Un tel corollaire, si contraire, semble-t-il, aux certitudes expérimentales les plus obvies, paraissait bien propre à faire rejeter la théorie de la diffraction proposée par Fresnel. Arago eut confiance dans le caractère naturel, partant dans la clairvoyance de cette théorie ; il tenta l’épreuve ; l’observation donna des résultats qui concordaient absolument avec les prédictions, si peu vraisemblables, du calcul[1].

Ainsi la théorie physique, telle que nous l’avons définie, donne d’un vaste ensemble de lois expérimentales une représentation condensée, favorable à l’économie intellectuelle.
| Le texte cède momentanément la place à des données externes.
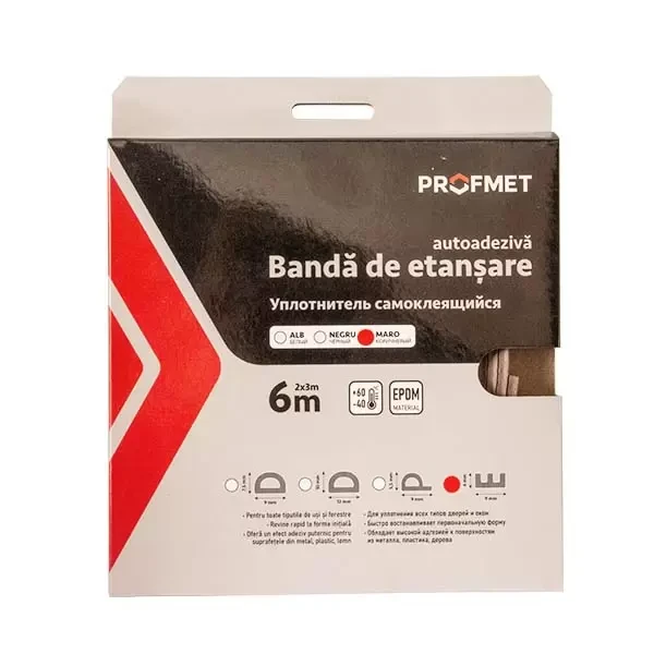 Bandă de etanșare autoadezivă "E" reprezintă o soluție de înaltă calitate pentru izolarea și etanșarea eficientă a ușilor și ferestrelor. Această bandă autoadezivă oferă o protecție excelentă împotriva pătrunderii frigului, zgomotului, prafului și curentului de aer, făcând-o o alegere ideală pentru îmbunătățirea confortului și eficienței energetice a încăperilor.

Elle classe ces lois ; en les classant, elle les rend plus aisément et plus sûrement utilisables ; en même temps, en mettant de l’ordre dans leur ensemble, elle y met de la beauté.

Elle prend, en se perfectionnant, les caractères d’une classification naturelle ; les groupements qu’elle établit laissent alors soupçonner les affinités réelles des choses.
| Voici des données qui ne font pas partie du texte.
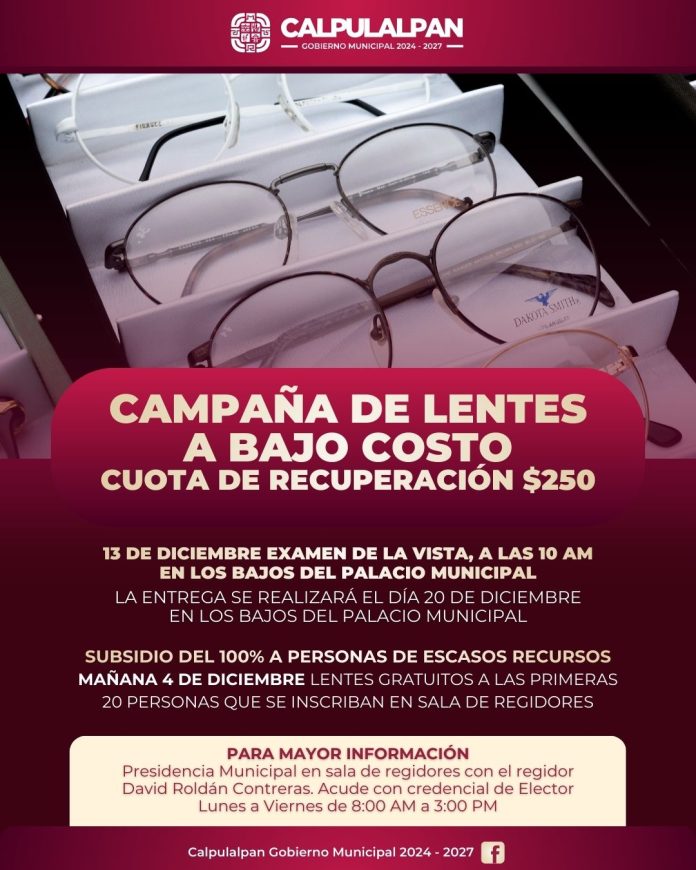 Calpulalpan, Tlax. – El Gobierno Municipal de Calpulalpan anunció el inicio de una campaña de lentes a bajo costo con el propósito de mejorar la salud visual de la población, especialmente de quienes enfrentan dificultades económicas.

Ce caractère de classification naturelle se marque surtout par la fécondité de la théorie, qui devine des lois expérimentales non encore observées et en provoque la découverte.

C’en est assez pour que la recherche des théories physiques ne puisse être réputée besogne vaine et oiseuse, bien qu’elle ne poursuive pas l’explication des phénomènes.


  1. Œuvres complètes d’Augustin Fresnel, t. I, pp. 236, 365, 368.